8000 Green neons in a 1600 Gallon tank?
Well, I'll see. 

The Public aquarium display has more than 1000, more like 3000-5000. 
1000 would not cover a 12-15 ft long tank much. But you have to ensure all those fish are well fed.

Not as easy as it might seem. So a good number of RCS and Amano's will clean up after them well.


----------



## Navarro (Aug 28, 2013)

Ben Belton said:


> I wonder if his wife knows.


She does for the first time ever she wants to see more tanks at home :wink:
Hello to all especially to the very famous Mr. Baliban :icon_smil
Cheers


----------



## Jason Baliban (Mar 3, 2005)

Navarro said:


> She does for the first time ever she wants to see more tanks at home :wink:
> Hello to all especially to the very famous Mr. Baliban :icon_smil
> Cheers


Now its a party!!

The smile on my face right now suggests that it has been too long since we have all got together.

jB


----------



## Phil Edwards (Jul 18, 2003)

Heya Ben and Luis, long time no see. It's party time now! 
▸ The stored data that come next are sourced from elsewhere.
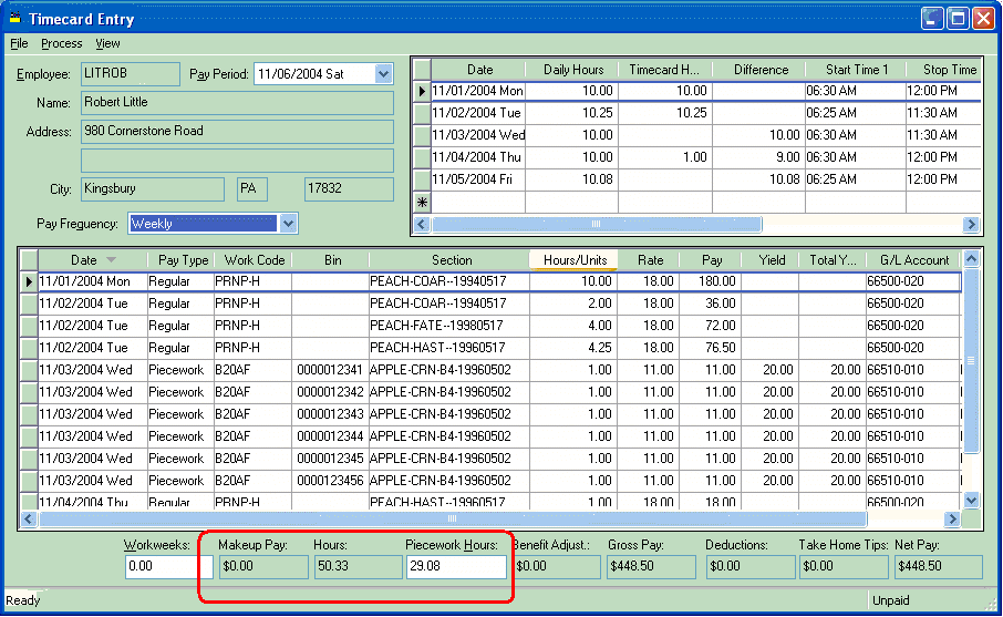 Makeup Pay and Piecework Hours are values at the footer of the timecard that should be evaluated when processing timecards that contain piecework pay.
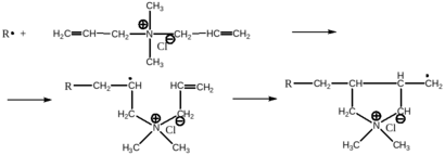 Полимеризация диметилаллиламмоний хлорида идет с образованием цикла:
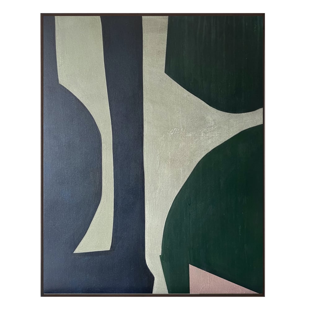Acrylic on linen canvas. Beautiful, 'rain on concrete,' textures in this striking abstract.
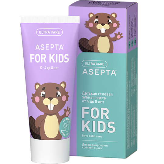 - Вкусная зубная паста ASEPTA Kids с популярным у детей вкусом «Бабл гам» поможет сформировать у ребенка полезную привычку заботиться о гигиене полости рта каждый день.

If y'all want to meet you should go to the Aquatic Experience show in Chicago this November. I hear all the cool kids are going. There are some cool things in the planning for that show.


----------



## Navarro (Aug 28, 2013)

Hey Phil nice tohear from you too, we have to put together another plantfest and bring back all the gang.
Cheers,
Luis


----------



## kwc1974 (Mar 17, 2009)

What, Luis is back on the forums?


----------



## Jdinh04 (Mar 15, 2004)

Navarro said:


> Hey Phil nice tohear from you too, we have to put together another plantfest and bring back all the gang.
> Cheers,
> Luis


:bounce::thumbsup:


----------



## Ben Belton (Dec 12, 2008)

Phil Edwards said:


> you should go to the Aquatic Experience show in Chicago this November.


Actually, Ricky and I were looking at going. I saw it when people were first promoting it, but I couldn't find a web page or anything the other day. I think Ricky was going to email Oliver about it.


----------



## msjinkzd (May 12, 2007)

here ya go: http://www.biztradeshows.com/aquatic-experience-chicago/


----------



## Jason Baliban (Mar 3, 2005)

First rough idea. Its evil, just how i like it!










jB


----------



## Navarro (Aug 28, 2013)

Is that manzanita or something else Jason?
Luis


----------



## AnotherHobby (Mar 5, 2012)

That's a really cool piece of wood, and perfect dimensions for your tank!


----------



## msjinkzd (May 12, 2007)

Yes! Supercool

Sent from my DROID RAZR HD using Tapatalk 2


----------



## Jason Baliban (Mar 3, 2005)

Navarro said:


> Is that manzanita or something else Jason?
> Luis


I'm not sure exactly what it is. I think Tom can answer that.

jB


----------



## frenchie1001 (Jun 23, 2013)

this is great! love the wood.


----------



## Navarro (Aug 28, 2013)

Jason Baliban said:


> I'm not sure exactly what it is. I think Tom can answer that.
> 
> jB


Thanks! Are you running the tank with a 2078?
Cheers,
Luis


----------



## Jason Baliban (Mar 3, 2005)

Navarro said:


> Thanks! Are you running the tank with a 2078?
> Cheers,
> Luis


Yes, sir.

jB


----------



## John Simpson (Mar 14, 2013)

yea that's a nice piece of wood for that tank


----------



## Phil Edwards (Jul 18, 2003)

Jason, that's going to be amazing. That's perfect wood for a simple setup. :thumbsup:


----------



## msjinkzd (May 12, 2007)

It is manzanita


----------



## Jason Baliban (Mar 3, 2005)

msjinkzd said:


> It is manzanita


Thank you, lady

jB


----------



## Jason Baliban (Mar 3, 2005)

Soaking.

jB


----------



## plantbrain (Dec 15, 2003)

Jason Baliban said:


> I'm not sure exactly what it is. I think Tom can answer that.
> 
> jB


Manzy

I actually just took some pics for a client wanting a similar sized tank, he wanted thicker stuff, less branching etc.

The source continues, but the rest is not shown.